--- WHAT YOU ARE ASKED TO DO ---
In the listing below, locate the lines bearing the word "Kegiatan". Copy every one of them.

--- DATASET RECORDS ---
>>>>>

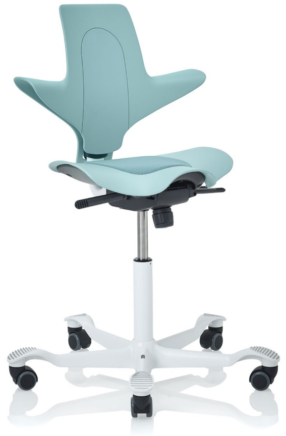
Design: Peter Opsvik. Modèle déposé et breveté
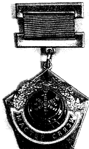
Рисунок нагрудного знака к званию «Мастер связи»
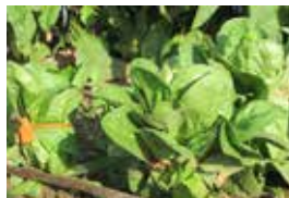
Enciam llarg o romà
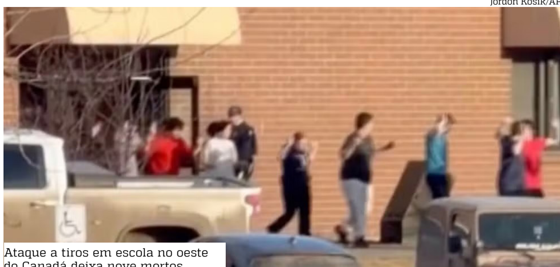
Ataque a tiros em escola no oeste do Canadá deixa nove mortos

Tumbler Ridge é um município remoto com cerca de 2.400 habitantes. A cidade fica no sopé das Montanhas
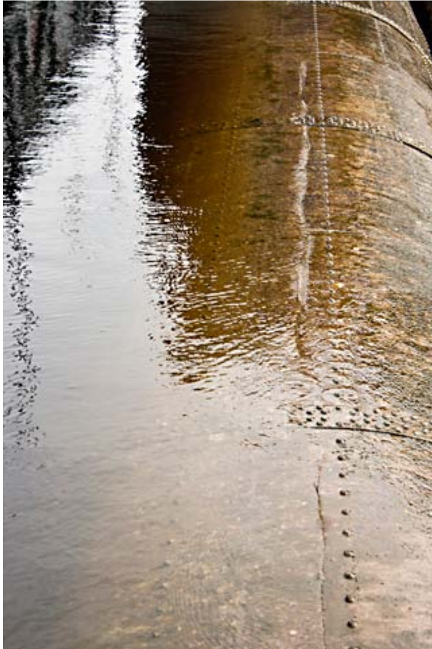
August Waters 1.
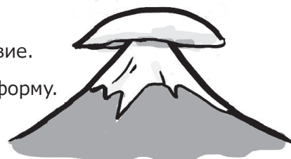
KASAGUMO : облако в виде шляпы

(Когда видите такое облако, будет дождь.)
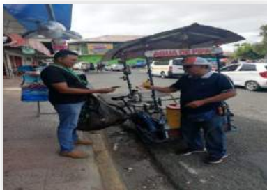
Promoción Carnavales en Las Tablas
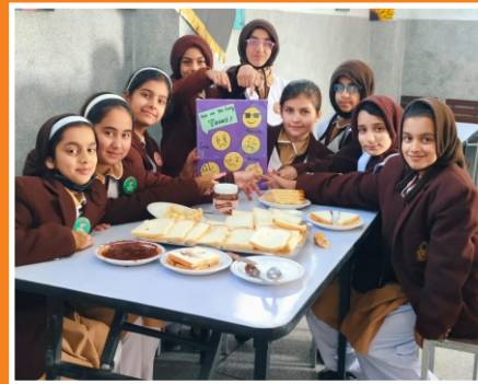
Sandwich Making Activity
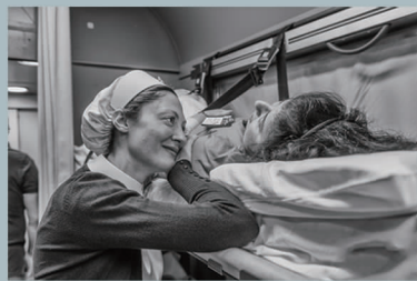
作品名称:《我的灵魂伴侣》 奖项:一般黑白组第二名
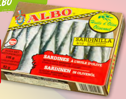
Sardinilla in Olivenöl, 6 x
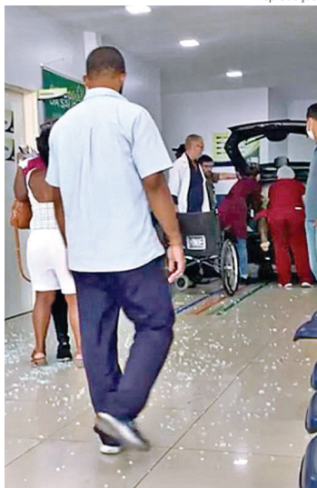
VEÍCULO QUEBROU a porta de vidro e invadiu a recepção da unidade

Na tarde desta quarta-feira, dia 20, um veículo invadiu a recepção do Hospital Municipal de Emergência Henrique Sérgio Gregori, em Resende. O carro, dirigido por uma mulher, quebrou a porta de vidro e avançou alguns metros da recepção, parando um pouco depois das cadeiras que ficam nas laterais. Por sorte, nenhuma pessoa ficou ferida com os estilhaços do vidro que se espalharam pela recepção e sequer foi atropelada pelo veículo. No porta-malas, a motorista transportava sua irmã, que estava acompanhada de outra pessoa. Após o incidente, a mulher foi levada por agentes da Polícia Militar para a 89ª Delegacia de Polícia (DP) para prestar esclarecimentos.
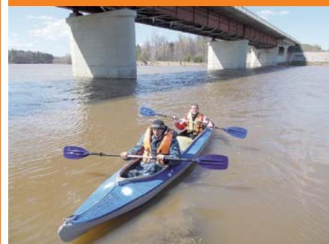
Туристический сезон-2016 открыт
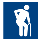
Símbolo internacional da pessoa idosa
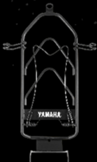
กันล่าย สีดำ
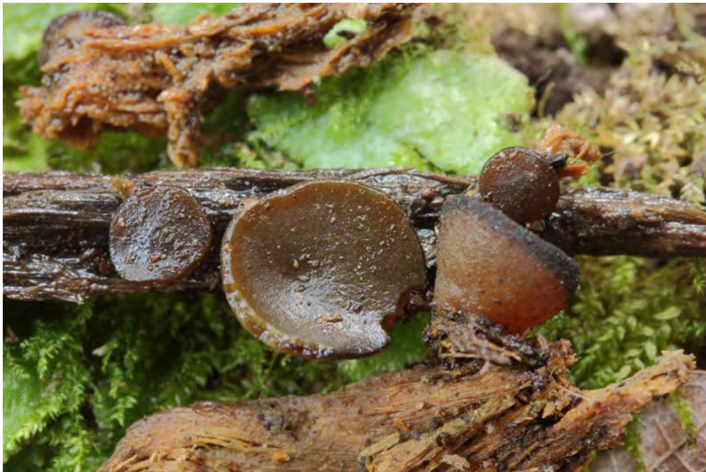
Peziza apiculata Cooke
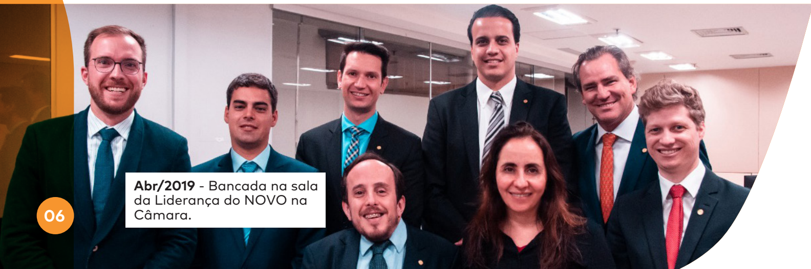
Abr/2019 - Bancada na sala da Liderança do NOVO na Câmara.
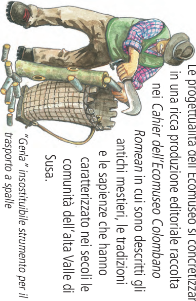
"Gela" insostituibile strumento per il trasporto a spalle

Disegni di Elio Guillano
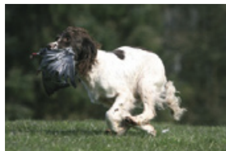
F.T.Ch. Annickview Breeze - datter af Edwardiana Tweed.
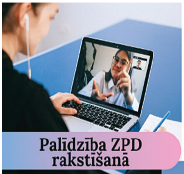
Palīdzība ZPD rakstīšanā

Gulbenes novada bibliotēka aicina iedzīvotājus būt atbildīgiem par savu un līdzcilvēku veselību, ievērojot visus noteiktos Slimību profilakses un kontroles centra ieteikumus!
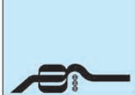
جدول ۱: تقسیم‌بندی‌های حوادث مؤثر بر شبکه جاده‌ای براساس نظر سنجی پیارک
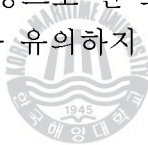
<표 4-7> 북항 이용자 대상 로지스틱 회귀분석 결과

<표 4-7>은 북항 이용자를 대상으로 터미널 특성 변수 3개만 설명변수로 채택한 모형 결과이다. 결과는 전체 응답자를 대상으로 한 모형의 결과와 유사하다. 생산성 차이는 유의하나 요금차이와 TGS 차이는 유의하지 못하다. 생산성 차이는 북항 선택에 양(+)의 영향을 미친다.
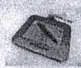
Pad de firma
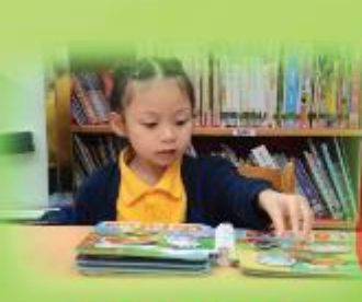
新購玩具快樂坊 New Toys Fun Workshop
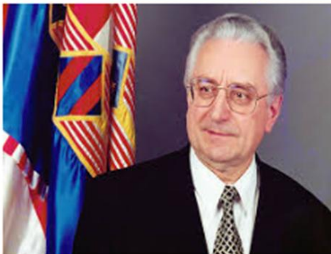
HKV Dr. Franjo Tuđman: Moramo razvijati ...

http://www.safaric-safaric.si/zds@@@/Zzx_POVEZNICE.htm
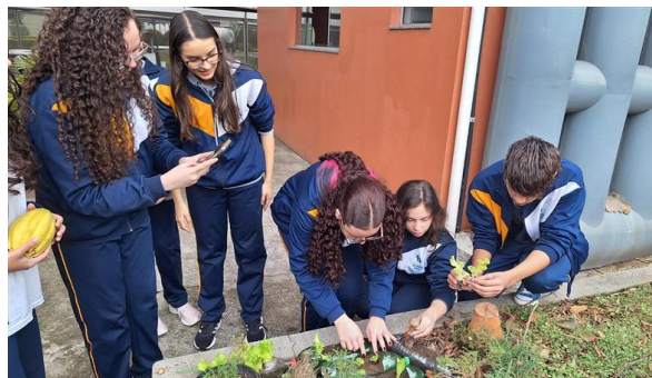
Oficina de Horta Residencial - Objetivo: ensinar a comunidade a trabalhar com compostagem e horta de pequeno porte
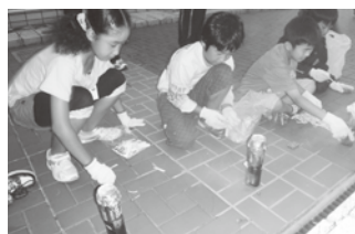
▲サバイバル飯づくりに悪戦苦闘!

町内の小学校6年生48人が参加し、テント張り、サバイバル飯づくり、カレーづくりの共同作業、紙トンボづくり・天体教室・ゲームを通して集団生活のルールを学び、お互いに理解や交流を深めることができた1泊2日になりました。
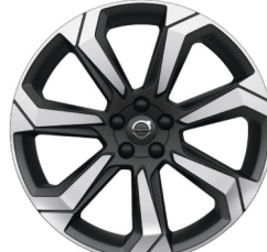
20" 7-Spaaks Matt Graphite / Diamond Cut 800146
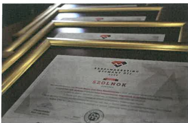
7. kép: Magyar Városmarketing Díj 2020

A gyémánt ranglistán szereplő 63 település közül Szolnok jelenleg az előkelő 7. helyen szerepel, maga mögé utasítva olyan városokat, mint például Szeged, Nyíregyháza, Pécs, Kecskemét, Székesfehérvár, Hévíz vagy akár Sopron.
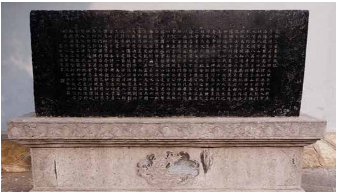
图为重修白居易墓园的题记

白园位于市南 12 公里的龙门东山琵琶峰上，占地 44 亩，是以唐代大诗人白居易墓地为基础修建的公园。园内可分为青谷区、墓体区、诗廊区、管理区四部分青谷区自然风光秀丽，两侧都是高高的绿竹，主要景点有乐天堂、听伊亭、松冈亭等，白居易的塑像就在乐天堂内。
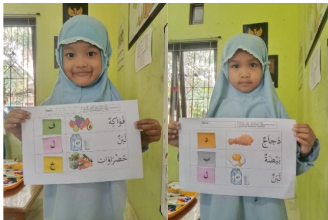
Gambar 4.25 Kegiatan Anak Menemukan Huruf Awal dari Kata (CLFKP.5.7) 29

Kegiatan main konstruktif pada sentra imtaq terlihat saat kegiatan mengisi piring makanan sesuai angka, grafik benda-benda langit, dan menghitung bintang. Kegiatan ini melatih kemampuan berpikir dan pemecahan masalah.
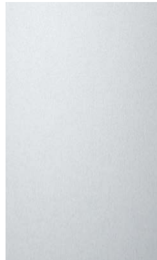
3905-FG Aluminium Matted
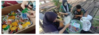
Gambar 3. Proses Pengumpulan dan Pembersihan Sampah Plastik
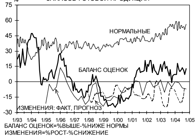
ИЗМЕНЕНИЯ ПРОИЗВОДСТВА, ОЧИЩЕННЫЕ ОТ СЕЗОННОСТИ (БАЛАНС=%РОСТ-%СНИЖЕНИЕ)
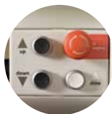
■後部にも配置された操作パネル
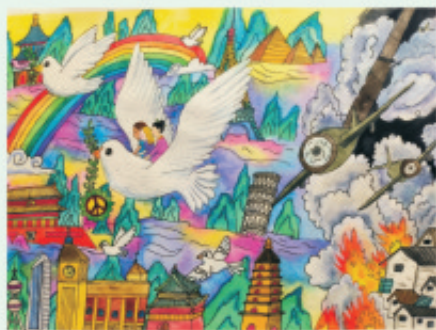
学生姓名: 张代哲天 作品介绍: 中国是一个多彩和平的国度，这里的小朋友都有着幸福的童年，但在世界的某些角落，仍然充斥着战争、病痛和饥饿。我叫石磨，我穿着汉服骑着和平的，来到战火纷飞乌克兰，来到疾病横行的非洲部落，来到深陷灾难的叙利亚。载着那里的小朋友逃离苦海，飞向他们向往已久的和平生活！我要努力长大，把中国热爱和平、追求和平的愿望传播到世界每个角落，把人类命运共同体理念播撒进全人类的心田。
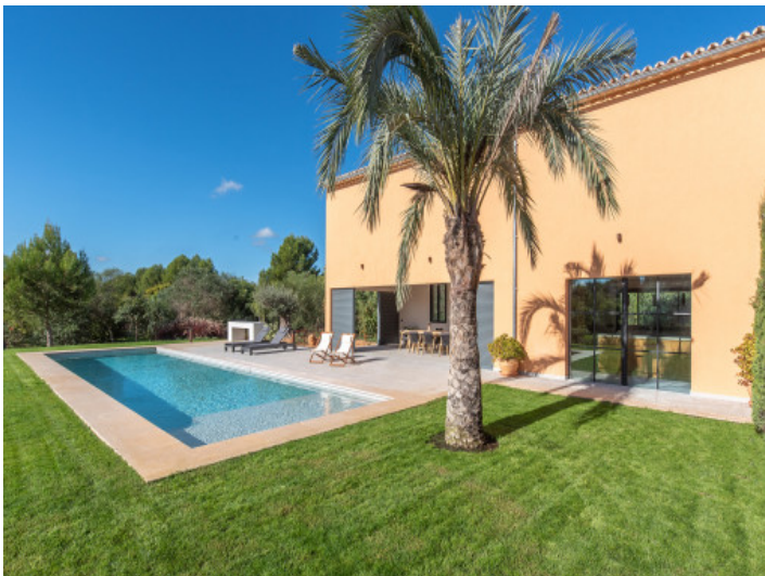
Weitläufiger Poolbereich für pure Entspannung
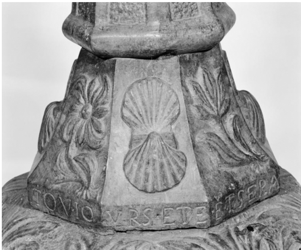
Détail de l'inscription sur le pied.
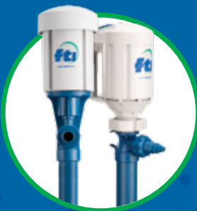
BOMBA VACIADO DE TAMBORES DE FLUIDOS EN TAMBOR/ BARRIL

<<<<<

--- RESULT BELOW ---
Gambar 4.25 Kegiatan Anak Menemukan Huruf Awal dari Kata (CLFKP.5.7) 29
Kegiatan main konstruktif pada sentra imtaq terlihat saat kegiatan mengisi piring makanan sesuai angka, grafik benda-benda langit, dan menghitung bintang. Kegiatan ini melatih kemampuan berpikir dan pemecahan masalah.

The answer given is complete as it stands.